Antoine se dresse d'un bond, écrase son clope dans mon encrier et me claque le bout des doigts à la manière des rappeurs. Puis il se penche en avant et vient déposer son front contre le mien.
— Papa ! J'avais hâte que tu rentres…
— Je suis heureux de te retrouver, fils, soufflé-je en le serrant tendrement contre moi.
Je tarde à lui poser la question qui me turlupine, par crainte de la réponse.
— Et alors, ce stage ? me décidé-je enfin.
D'un geste théâtral, Antoine balance une plaque de police fleur de coin sur le bureau.
— Lieutenant Antoine San-Antonio, police criminelle ! Je suis major de ma promo !
Te dire que je suis heureux de sa réussite chez les matuches, tu vas pas me croire. Tu sais ce que je pense du caractère éphémère des succès et de la précarité des lauréats. Eh bien, t'as tort Nestor, un frisson de fierté me parcourt depuis les burettes jusqu'au cervelet. Ce môme cueilli comme une mauvaise plante et que j'ai éduqué à la va comme je te pisse sans même le voir grandir devient soudain l'objet de ma gloriole paternelle. Bravo San-Antonio ! Ça, c'est de la descendance !
Faut que tu réagisses, mec.
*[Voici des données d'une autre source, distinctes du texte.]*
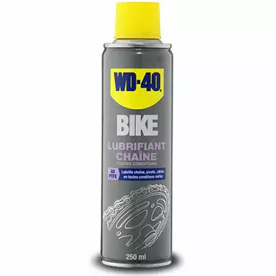 Lubrifiant pour chaîne de vélo WD40 par temps sec ou humide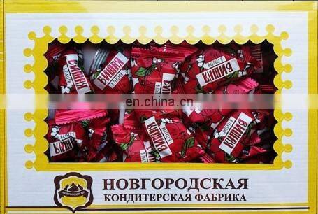 "Novgorod confectionery factory" is a modern Russian enterprise located in the ancient Russian city of Veliky Novgorod in the North-West of Russia, founded in 1991, and producing a wide range of confectionery products: fondant candies, jelly, souffle, dairy (such as Cow), soft caramel candies, glazed dried fruits, butter cookies and other products.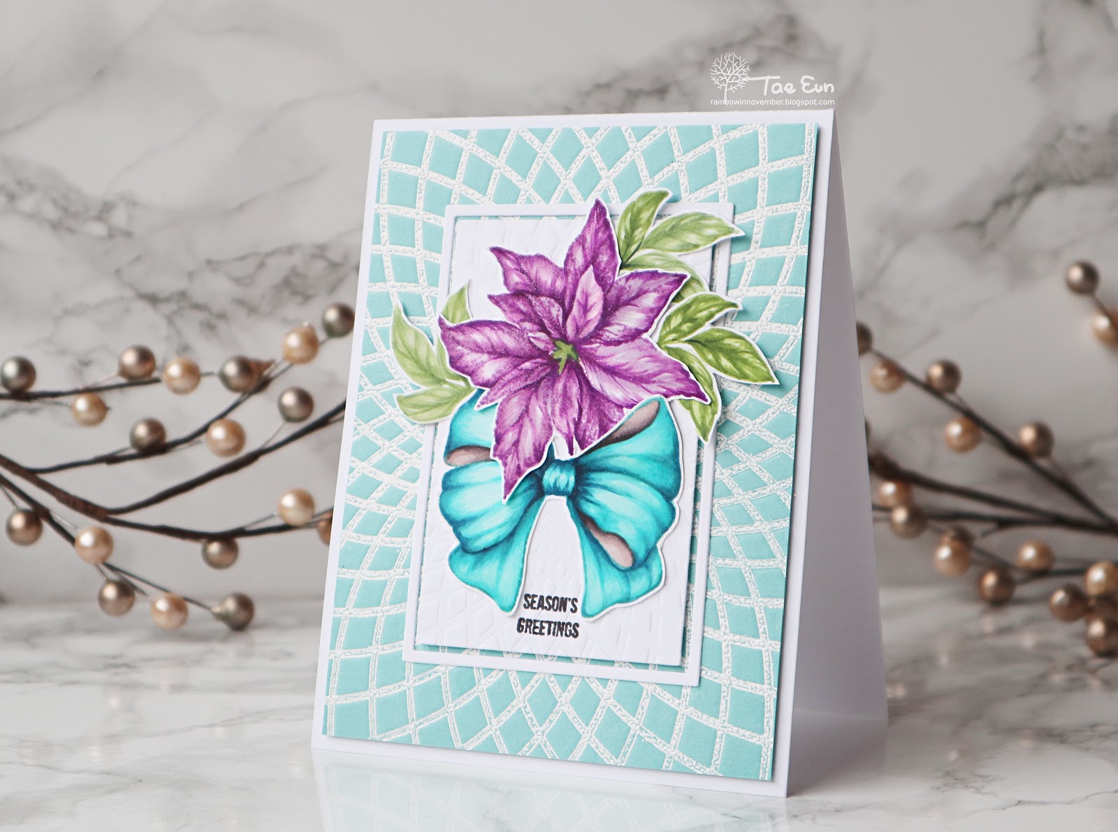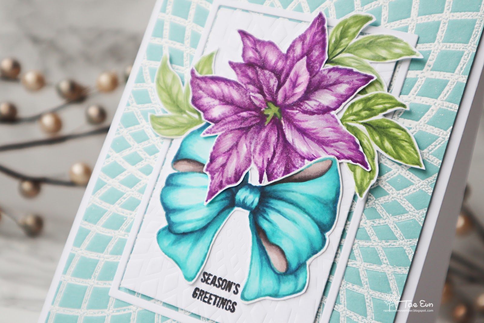 I then started coloring the poinsettia and the bow from Holiday Bow set. I stamped the bow in Lagoon, the poinsettia in Midnight Violet and the leaves in Frayed Leaf mini inks to do some no line coloring. I colored them with Altenew Artist Markers and fussy cut them all.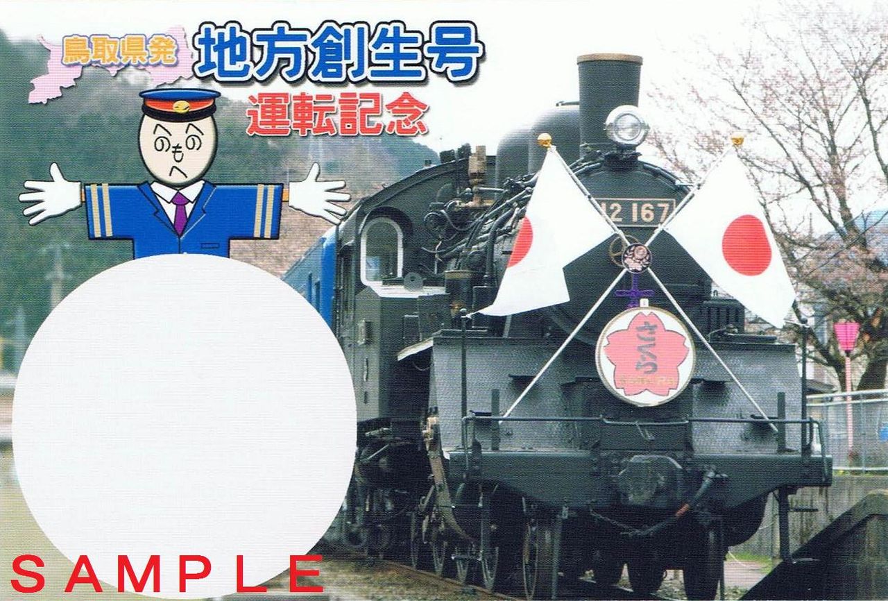 若桜鉄道では、2015年4月11日に若桜線若桜〜八東間の線路を閉鎖し、同社で保存されている蒸気機関車(C12 167)・客車(12系3両)・ディーゼル機関車(DD16 7)を本線上で走行させる『SL走行社会実験』(SL・DL走行イベント)を実施。実験の実施主体は八頭町観光協会と若桜町観光協会でした。走行した列車には『鳥取県発地方創生号』の愛称が付けられましたが、機械扱いのため乗車が出来ず、かわりに車内に『かかし』を乗せて話題となりました。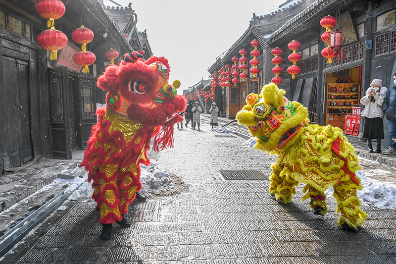 1月14日,民间艺人在山西平遥古城内表演舞狮。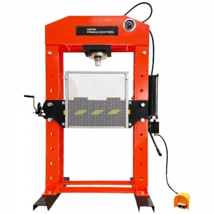 Industrial Electric Hydraulic Shop Press are used for straightening, bending, pressing and stamping tasks. The pressing frame consists of welded construction to provide maximum durability and strength. Equipped with an electric pump, this electric hydraulic shop press is suitable for heavy-duty tasks, and it is available with load capacity options from 100 tons. This press is ideal for industrial uses including metal stamping, bending, flattening, removing gears, bearings and bushings, flattening and more.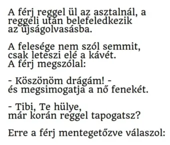 A férj reggel ül az asztalnál, areggeli után belefeledkezik az újságolvasásba.A felesége nem szól semmit, csak leteszielé a kávét. A férj megszólal:– Köszönöm drágám! – és…

N'oublie pas que la métamorphose d'un petit d'homme obéit aux mêmes lois que celles des papillons : larve, chrysalide et tchao pantin ! On n'y peut rien. Chez nos embryons la trajectoire est à peine plus sophistiquée : tendre fœtus, joli poupon, charmant bambin, étudiant, militaire, jeune con, travailleur, père, chômeur, gros con, grand-père, retraité, vieux con et puis ce papillon de l'âme qui s'évade un beau jour d'un caisson de bois. Pin, chêne ou acajou… C'est à la couleur finale qu'on reconnaît la richesse d'un homme ou la beauté d'un lépidoptère.
M'enfin, je ne suis pas là pour démoraliser mon rejeton et je brandis un pouce d'empereur romain décidant qu'il enfilera lui-même le superbe gladiateur avec son propre pal.